Last year USCIS unleashed a flood of Requests for Evidence (RFE), asking employers to prove a Wage Level 1 (WL1) position qualifies as a specialty occupation. After putting the H1B community through the ringer, the agency ended up denying a number of these cases. The denials stated that the WL1 positions did not qualify as “specialty occupations” because the amount of supervision required meant the position did not require “theoretical and practical application of a body of highly specialized knowledge.”
According to the rationale in the denials, even though the work product of a new engineer can only be done by someone with an engineering degree, and the supervisor is reviewing work product to ensure it meets established engineering standards, the entry level engineer is not showing a “theoretical and practical application of a body of highly specialized knowledge.”
Attorneys appealed these cases to the AAO, and presented arguments for why a WL1 position requires application of specialized knowledge and consequently can be a specialty occupation.
Last week the AAO began releasing decisions on this issue. However, the AAO did not address the legal arguments in the appeals. Nor did the AAO even address the rationale for the underlying denial.
In what can be described as a masterpiece of obfuscation, the AAO ignored the specialty occupation issue entirely.

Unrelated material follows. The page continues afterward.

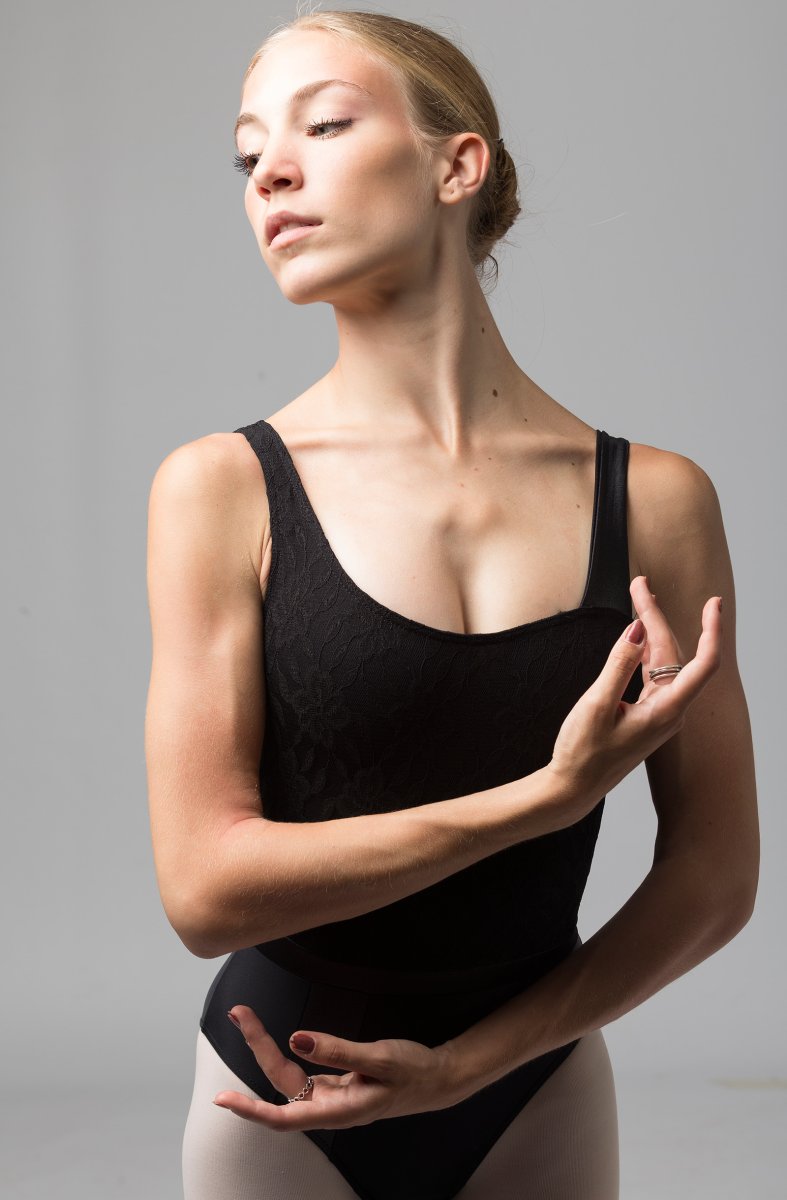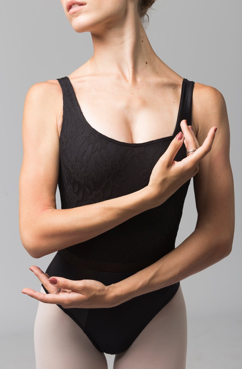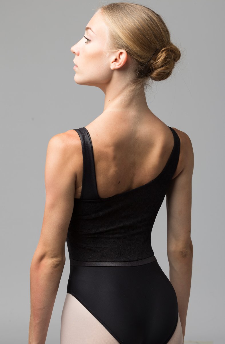 Il merletto elastico, con cui è realizzato il body ed una delle due bretelline, è foderato con Lycra nera. In vita è inserito un cinturino di Lycra lucida impiegata anche per l’altra bretellina di questo modello.

Rather, the AAO analyzed the position description to determine if the employer selected the correct wage level. If in its opinion the wage level was incorrect, the AAO denied the appeal because the LCA did not match the petition.

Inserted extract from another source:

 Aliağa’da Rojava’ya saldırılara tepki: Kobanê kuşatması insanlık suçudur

In short, the AAO creatively found ways to avoid the Service Center’s decision on the merits, while still denying the petitions. No doubt internal agency disagreements played a role in how the AAO framed its decision. The compromise was to avoid the issue for now and deny cases on an acceptable basis.

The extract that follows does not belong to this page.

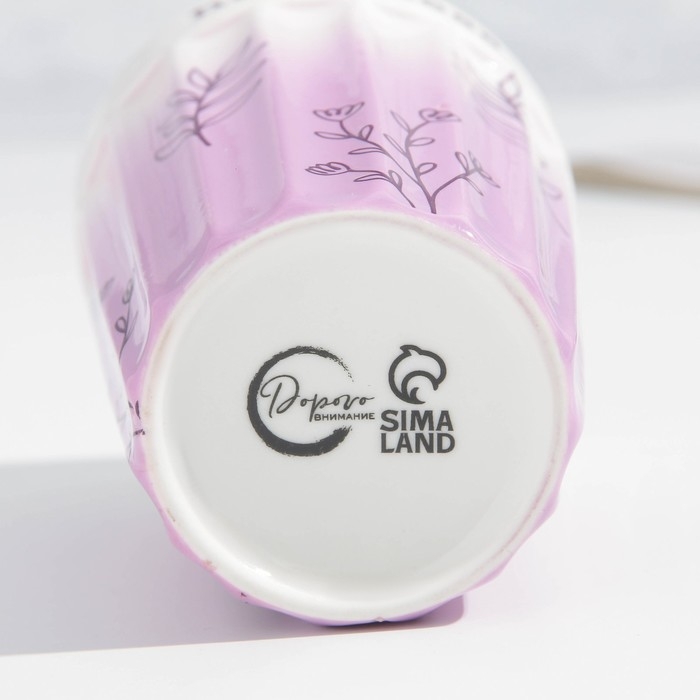 Стакан керамический граненый «Жизнь - счастье», 230 мл, цвет белый
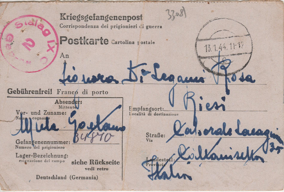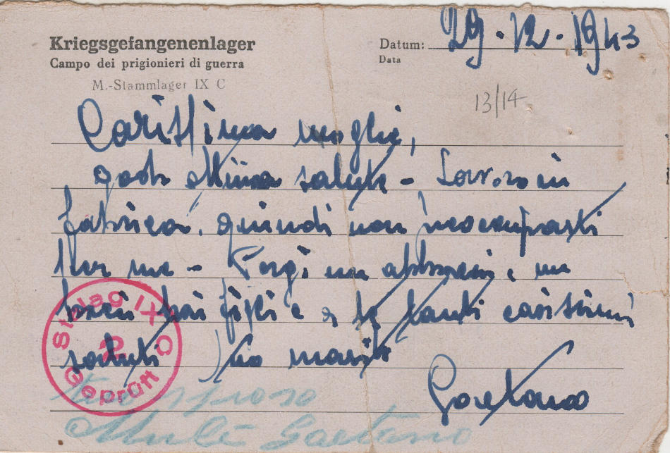 Cartolina scritta il 29.12.1943 nel campo di prigionia e spedita in Italia a Riesi (provincia di Caltanissetta)

The issue is not dead. USCIS has preserved the possibility that it can revive this issue later.
But the entire affair raises more questions. According to the statute and agency comments in rulemaking, USCIS has a very limited role in the H1B process. It determines two things: is it a professional occupation; and does it require theoretical and practical application of a body of highly specialized knowledge.
In contrast, DOL has authority over wage levels, and the entire LCA process. According to statute and regulation, DOL has a very precise mechanism for ensure the correct wage level is included on the LCA. Employers are required to post an LCA for a period of time. If US employees or unions disagree, they may raise the issue directly with DOL. Nothing in the statute gives USCIS a role in this process, nor does it have special insight or ability to resolve wage issues.
What statutory authority is USCIS exercising to make this determination? (you will wait a long time for an answer to that).
The problem with the AAO’s decisions on this issue highlights a long standing problem with USCIS. It continually exercises authority over areas that are beyond its statutory mandate.